Records shown: Begin
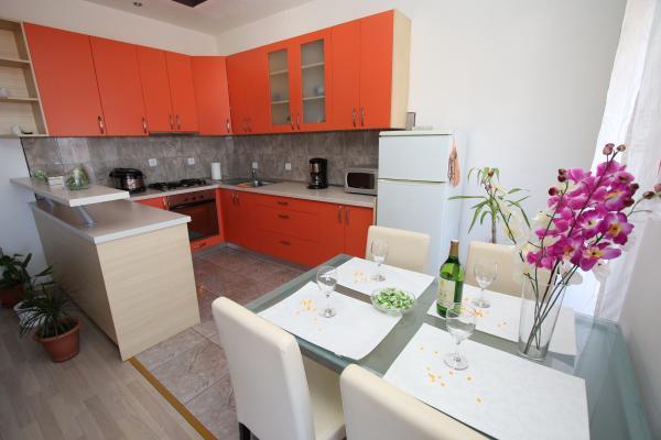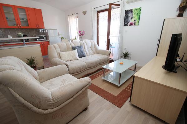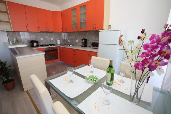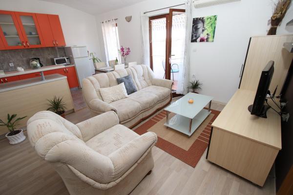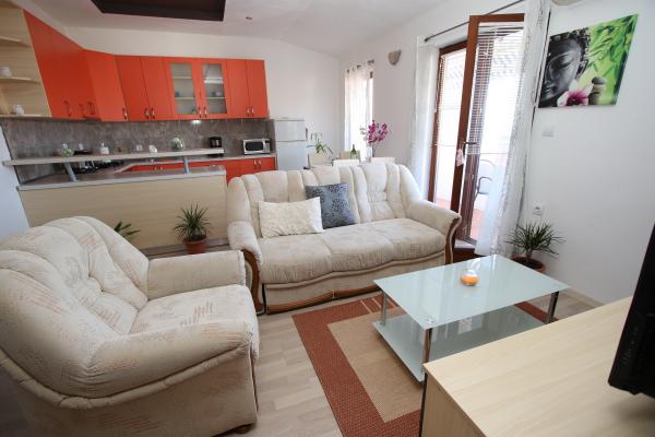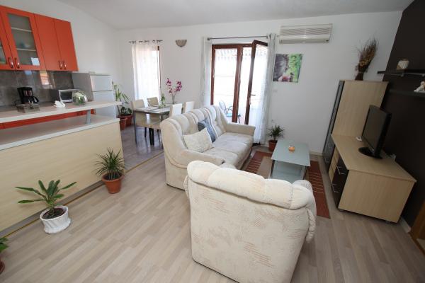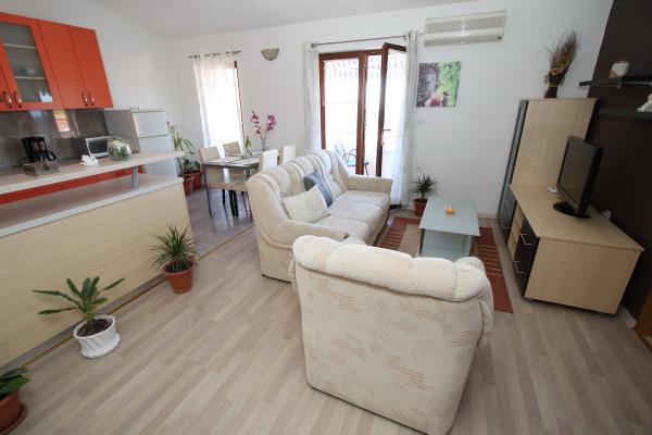 Wohnung ist modern eingerichtet, Parkplatz, Wi-Fi. Es befindet sich 100 Meter vom Hauptplatz in der Nähe von einem Geschäft, Restaurant 80m Ljekarana auch entfernt. Die Anlage ist geeignet für Familien mit Kindern, weil es in einer ruhigen Straße mit Blick auf die Küste befindet.
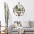 Oblúková nástenná polica Lania v etno štýle kombinuje hnedý ratan s kovovou konštrukciou, čím vytvára unikátny a pevný dizajn. Dve poličky ponúkajú priestor na dekorácie, rastliny alebo drobné predmety, pričom celkový vzhľad zostáva elegantný a vzdušný.
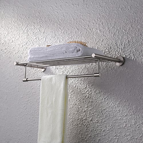 KES Mensole Portasciugamani Con Barre di Tovagliolo Pieghevole Minimalista Bagno, Spazzolato SUS 304 Acciaio Inossidabile, A2115-2
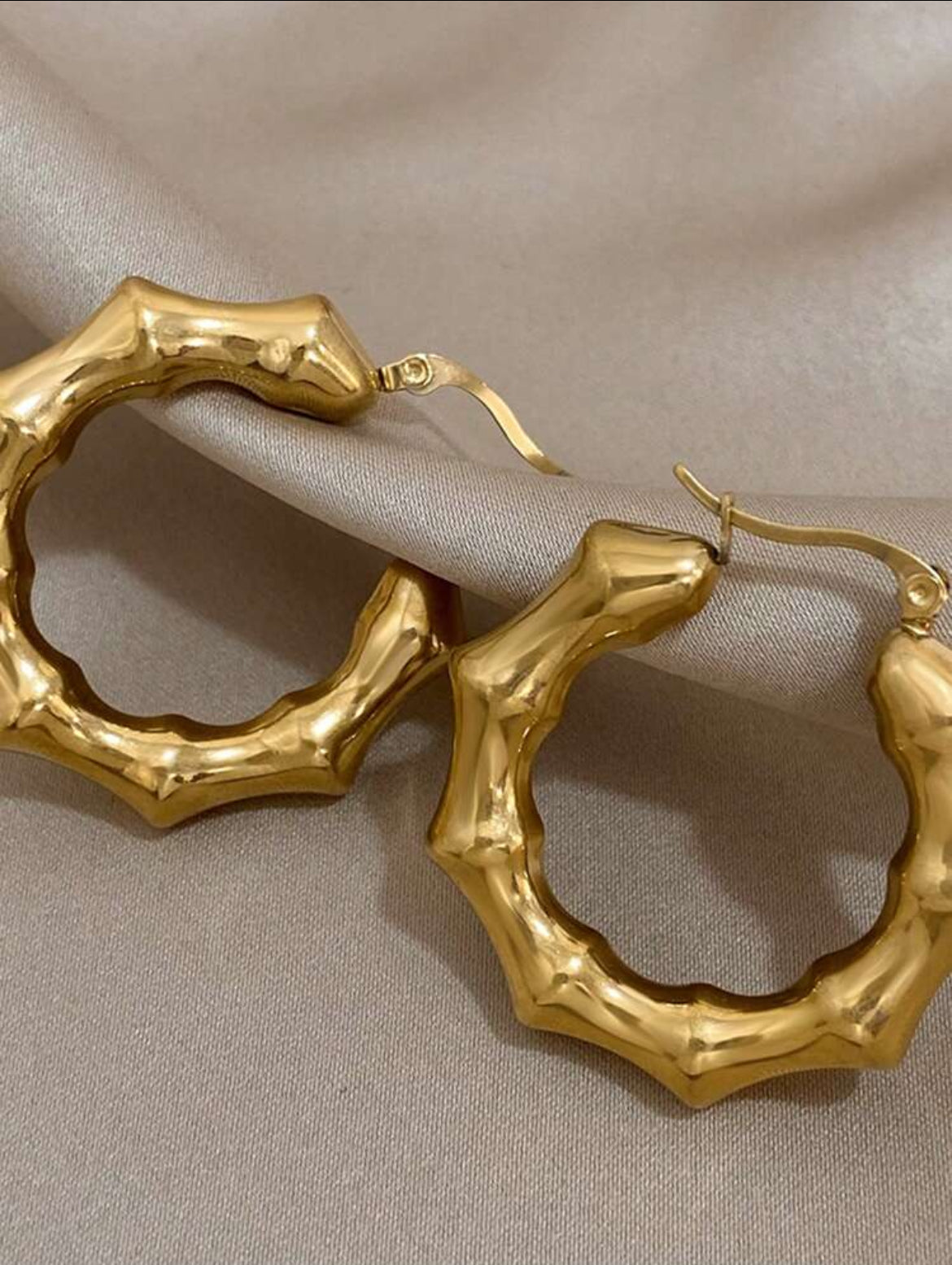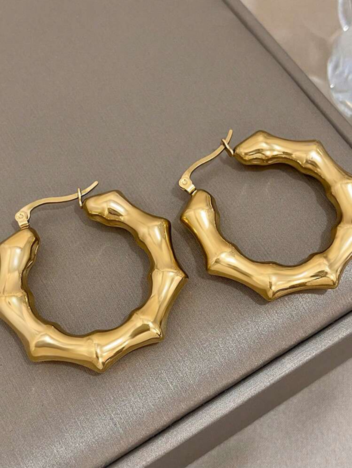 Boucles d'oreilles créoles en bambou creux, boucles d'oreilles en acier inoxydable pour femmes, créoles épaisses
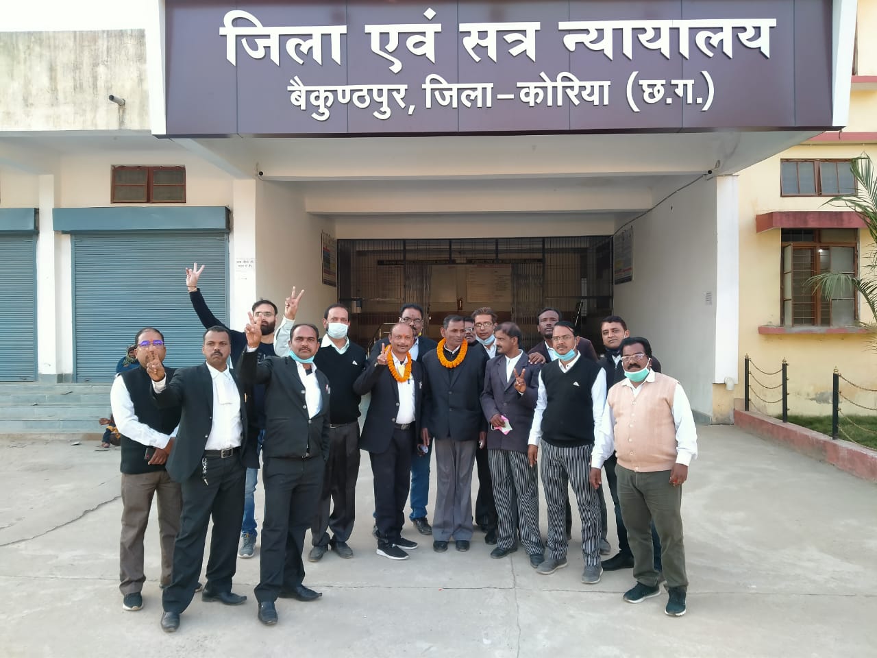कोरिया जिले के जिला मुख्यालय बैकुण्ठपुर में मंगलवार को हुए अधिवक्ता संघ के चुनाव में अधिवक्ता संघ के अध्यक्ष के तौर पर भरत लाल कश्यप एवं सचिव के तौर पर ध्रुव कश्यप चुने गए। मिली ानकारी के अनुसार सपन्न हुए चनाव में कुल 131 मतों में से 116 वोट पड़े । जिसमें से अध्यक्ष के लिए भरत लाल कश्यप को 62 तो दूसरे स्थान पर अध्यक्ष का चुनाव लड़ रहे हैं बृजेंद्र साहू को 31 एवं बिहारी लाल को 25 मत मिले । वहीं पर सचिव के तौर पर जिन तीन उम्मीदवारों में अपनी उम्मीदवारी की थी उसमें से विजेता ध्रुव कश्यप को 66 मत मिले तो दूसरे स्थान पर दिनेश साहू को 37 एवं अरविंद सिंह को 15 मत प्राप्त हुए। इस दौरान ध्रुप कश्यप ने कहा कि अधिवक्ता संघ के पदाधिकारी के तौर पर निर्वाचित होने पर मैं गौरवान्वित महसूस कर रहा हूं । इस दौरान उन्होंने साफ कहा कि अधिवक्ता अधिवक्ताओं के बेहतरी के लिए संघ की ओर से सुझाए गये मुद्दों को उचित फोरम पर जोर शोर से रखा जाएगा व अधिवक्ताओं की बेहतरी के लिए कार्य किया जायेगा।
Records shown: End
Each line, from the beginning of the listing to the line bearing "Boucles d'oreilles créoles" inclusive, should be copied exactly; the pictures stay out.

 Wohnung ist modern eingerichtet, Parkplatz, Wi-Fi. Es befindet sich 100 Meter vom Hauptplatz in der Nähe von einem Geschäft, Restaurant 80m Ljekarana auch entfernt. Die Anlage ist geeignet für Familien mit Kindern, weil es in einer ruhigen Straße mit Blick auf die Küste befindet.
 Oblúková nástenná polica Lania v etno štýle kombinuje hnedý ratan s kovovou konštrukciou, čím vytvára unikátny a pevný dizajn. Dve poličky ponúkajú priestor na dekorácie, rastliny alebo drobné predmety, pričom celkový vzhľad zostáva elegantný a vzdušný.
 KES Mensole Portasciugamani Con Barre di Tovagliolo Pieghevole Minimalista Bagno, Spazzolato SUS 304 Acciaio Inossidabile, A2115-2
 Boucles d'oreilles créoles en bambou creux, boucles d'oreilles en acier inoxydable pour femmes, créoles épaisses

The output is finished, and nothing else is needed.